§ **Work to be completed**
Check each line of the entries below for the word "into", then state how many lines have it and nothing more.

Input records section start

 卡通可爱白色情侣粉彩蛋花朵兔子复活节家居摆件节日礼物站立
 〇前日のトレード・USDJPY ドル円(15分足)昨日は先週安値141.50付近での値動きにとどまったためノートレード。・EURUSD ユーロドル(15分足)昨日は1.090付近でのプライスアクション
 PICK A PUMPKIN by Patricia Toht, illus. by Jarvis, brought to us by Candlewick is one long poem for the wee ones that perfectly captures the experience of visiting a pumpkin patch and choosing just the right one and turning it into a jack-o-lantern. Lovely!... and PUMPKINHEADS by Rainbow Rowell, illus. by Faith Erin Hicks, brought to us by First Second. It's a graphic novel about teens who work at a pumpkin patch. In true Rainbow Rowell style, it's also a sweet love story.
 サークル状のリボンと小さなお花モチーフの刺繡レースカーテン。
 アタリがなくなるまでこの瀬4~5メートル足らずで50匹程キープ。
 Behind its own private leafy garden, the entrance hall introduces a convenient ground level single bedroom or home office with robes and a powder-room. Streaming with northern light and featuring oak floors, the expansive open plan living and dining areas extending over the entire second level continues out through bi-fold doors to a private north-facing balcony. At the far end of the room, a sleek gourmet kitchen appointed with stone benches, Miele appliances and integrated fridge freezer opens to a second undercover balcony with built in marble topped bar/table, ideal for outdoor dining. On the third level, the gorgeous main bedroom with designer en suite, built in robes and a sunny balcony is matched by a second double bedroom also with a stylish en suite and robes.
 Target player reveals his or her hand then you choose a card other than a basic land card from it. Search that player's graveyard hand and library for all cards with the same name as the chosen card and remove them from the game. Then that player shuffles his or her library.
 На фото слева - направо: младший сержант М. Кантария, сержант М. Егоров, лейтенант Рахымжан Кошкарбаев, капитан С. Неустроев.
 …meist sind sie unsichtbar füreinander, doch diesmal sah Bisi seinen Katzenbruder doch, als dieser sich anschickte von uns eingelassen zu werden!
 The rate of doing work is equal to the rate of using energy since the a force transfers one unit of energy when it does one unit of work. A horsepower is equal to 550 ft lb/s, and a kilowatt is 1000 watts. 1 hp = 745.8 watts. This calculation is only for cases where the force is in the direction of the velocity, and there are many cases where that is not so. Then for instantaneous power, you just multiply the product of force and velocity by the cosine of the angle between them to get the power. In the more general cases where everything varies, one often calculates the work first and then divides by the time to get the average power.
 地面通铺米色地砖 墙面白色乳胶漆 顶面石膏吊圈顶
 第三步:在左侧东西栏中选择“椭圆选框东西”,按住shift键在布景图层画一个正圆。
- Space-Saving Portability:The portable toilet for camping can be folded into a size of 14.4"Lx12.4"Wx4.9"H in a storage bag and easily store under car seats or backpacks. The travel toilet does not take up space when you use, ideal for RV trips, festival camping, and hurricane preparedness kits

Input records section end

§ **Result for this exercise**
2